3. K-Fold Cross Validation Method
An alternative to LOOCV id k-fold CV. This approach involves randomlu dividing the set of observations into k groups.
set.seed(111)
cv.error = rep(0,10)
for (i in 1:10){
#index
folds <- cut(seq(1,nrow(df)),breaks=10,labels=FALSE)
ind <- which(folds==i)
train <- df[ind,]
test <- df[-ind,]
#fit Model
fit_glm <- glm(DEATH_EVENT~., data=train, family="binomial")
#Prediction
probs <- predict(fit_glm, newdata=test, type= 'response')

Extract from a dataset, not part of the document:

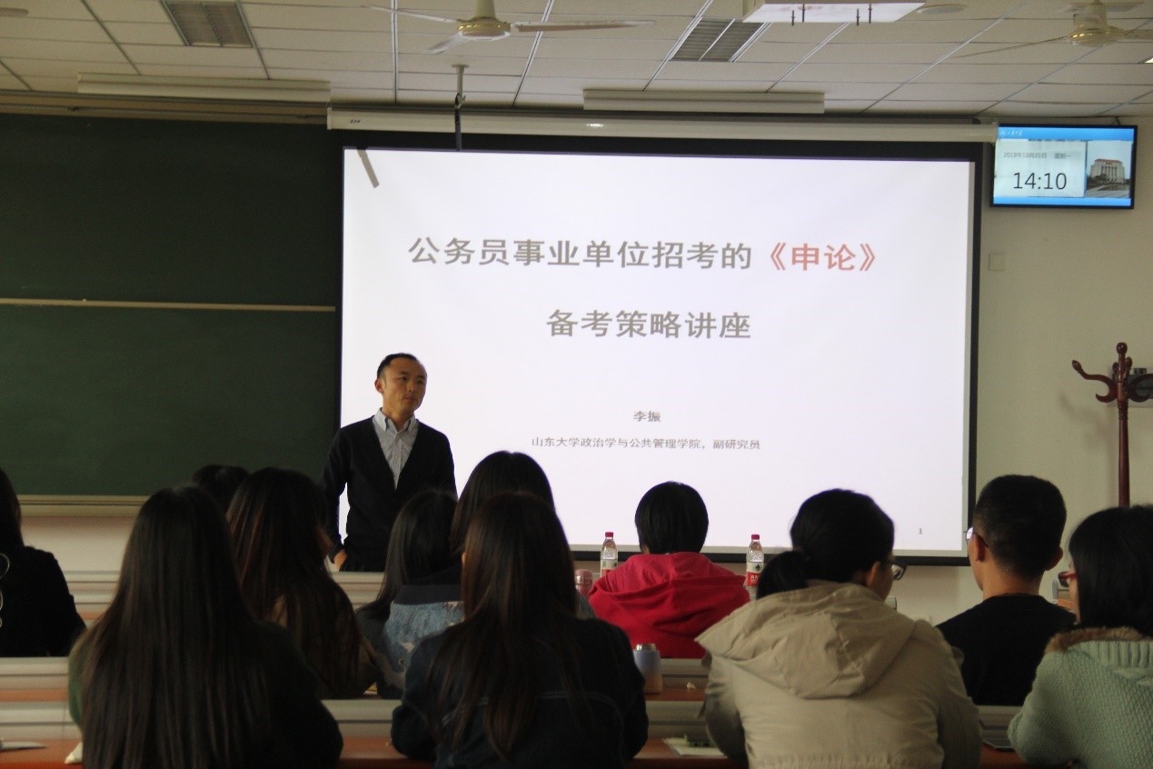 为提高同学们的《申论》写作水平,使同学们掌握有效的写作技巧,10月21日下午,政管学院在振声苑S306教室举办公务员事业单位《申论》备考策略讲座。本次讲座由政管学院、展翼助翔工作室主办,政管学院研究生会承办。讲座特邀政管学院副研究员李振老师担任主讲人,对公务员事业单位《申论》备考策略进行分析与讲解。

probs1 <- ifelse(probs>0.5,1,0)
#Error Rate
er<-mean(probs1!=test$DEATH_EVENT)
error[i] <- er
}
mean(error)
## [1] 0.1801121
The K-Fold CV estimate for the test error rate is around 18.01% which is slightly higher than the other models.
4.Bootstrap Method
set.seed(111)
boot.fn = function(data, index){
#Model fit
glm(DEATH_EVENT ~ ., data = train, family=binomial, subset=index)
#Prediction
probs <- predict(fit_glm, newdata=test, type= 'response')
probs1 <- ifelse(probs>0.5,1,0)
#Error Rate
Mu <- mean(probs1!=test$DEATH_EVENT)
return(Mu)
}
boot.fn(df,1:10000)
## [1] 0.3568773
Bootstrap model is resulting 35.68% error rate which is quite higher than other models.